We rode as often as we could that spring and summer, and while we were touring I noticed there were more than a few women on their own bikes. I started thinking about riding my own bike. I’d learned in the Army I could do any thing I put my mind to, and I went out and bought a brand new Honda Shadow VLX. I still laugh when I think how fast I thought that 650cc bike was going on the little trip across my neighbor’s yards…

And so the ride begins!

It looked like a scene from a melodrama: a man rides up on a shiny new red motorcycle that is obviously too small for him, parks, and gets off of the bike. His wife throws a leg over the bike and sits astride it with a grin seemingly larger than her face.

The bike is in neutral and the husband starts it up. With exaggerated movements, he shows his wife the controls. He keeps a hold of the handlebars and revs the bike a time or two. Nodding their heads the man and woman come to some sort of agreement, and the man lets go of the forward controls. His wife shifts the bike into first gear and several things happen simultaneously: the woman lets go of the clutch too quickly and as she is thrown back, she inadvertently revs the bike’s throttle. Her head swings back and she looks at her husband with that same look of panic the damsel in distress who is roped to railroad tracks had in an old silent movie.
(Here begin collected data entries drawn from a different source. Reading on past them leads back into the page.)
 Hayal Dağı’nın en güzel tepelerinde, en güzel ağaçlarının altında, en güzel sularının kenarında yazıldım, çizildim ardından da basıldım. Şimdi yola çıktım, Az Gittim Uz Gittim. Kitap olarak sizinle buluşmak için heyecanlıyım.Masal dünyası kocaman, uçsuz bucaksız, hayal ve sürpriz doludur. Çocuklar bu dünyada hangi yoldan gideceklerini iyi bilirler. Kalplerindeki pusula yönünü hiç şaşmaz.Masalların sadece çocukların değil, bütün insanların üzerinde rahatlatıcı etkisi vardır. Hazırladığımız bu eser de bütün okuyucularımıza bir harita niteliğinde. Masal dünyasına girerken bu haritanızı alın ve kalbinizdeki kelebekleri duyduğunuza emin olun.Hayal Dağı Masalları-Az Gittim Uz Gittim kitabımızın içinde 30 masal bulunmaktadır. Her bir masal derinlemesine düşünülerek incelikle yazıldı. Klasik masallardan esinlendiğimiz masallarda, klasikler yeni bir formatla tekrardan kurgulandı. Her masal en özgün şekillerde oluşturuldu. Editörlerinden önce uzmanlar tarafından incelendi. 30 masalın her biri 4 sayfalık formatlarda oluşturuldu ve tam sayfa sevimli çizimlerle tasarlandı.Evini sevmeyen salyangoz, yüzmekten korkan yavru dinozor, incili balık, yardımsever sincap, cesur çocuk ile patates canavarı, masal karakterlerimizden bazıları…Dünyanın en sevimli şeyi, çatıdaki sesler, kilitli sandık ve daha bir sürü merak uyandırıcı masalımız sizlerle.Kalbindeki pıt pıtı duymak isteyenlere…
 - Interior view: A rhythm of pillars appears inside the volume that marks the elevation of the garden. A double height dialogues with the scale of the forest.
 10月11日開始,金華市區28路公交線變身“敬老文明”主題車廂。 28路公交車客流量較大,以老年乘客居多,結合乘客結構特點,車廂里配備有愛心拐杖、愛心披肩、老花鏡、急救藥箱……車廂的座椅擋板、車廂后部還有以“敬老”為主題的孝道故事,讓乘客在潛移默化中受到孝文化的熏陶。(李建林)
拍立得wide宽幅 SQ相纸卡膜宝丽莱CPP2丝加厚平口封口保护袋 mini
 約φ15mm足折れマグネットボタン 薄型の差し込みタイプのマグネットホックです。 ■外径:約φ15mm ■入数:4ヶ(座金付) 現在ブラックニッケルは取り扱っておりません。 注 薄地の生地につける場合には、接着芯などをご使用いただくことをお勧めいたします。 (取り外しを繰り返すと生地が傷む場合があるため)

The husband starts jumping up and down yelling, “Hit the brakes! Hit the brakes!” The wife is headed right for the garage wall of the house two doors down. A car is parked in its drive just a few feet away.

The neighbor girl, who hears the commotion outside of her home, throws open an upstairs window and looks down upon the scene beneath her. Realizing the woman on the red motorcycle is headed straight for her house she turns and vanishes from the window shouting the news about the run-away motorcycle to her mom.

Meanwhile, the woman on the motorcycle somehow manages to steer the bike between the garage and the car parked in the driveway. She runs right through the entry garden of her neighbor’s house. The planter she takes out on her unplanned route through the prim foliage helps slow the bike, it loses impetus, and the woman drops it on the lawn. Her husband catches up to her in time to pick the motorcycle up and turn to face his angry neighbor who is yelling at him and demanding to know who destroyed her garden.

Yep, that was my first ride. It took me some time to overcome the fear from the near miss I had with the brick wall, but I kept at it and eventually passed the second Motorcycle Safety Course I took. That was five and a half years ago. I’ve ridden between forty and fifty thousand miles in that time and hope to ride many more.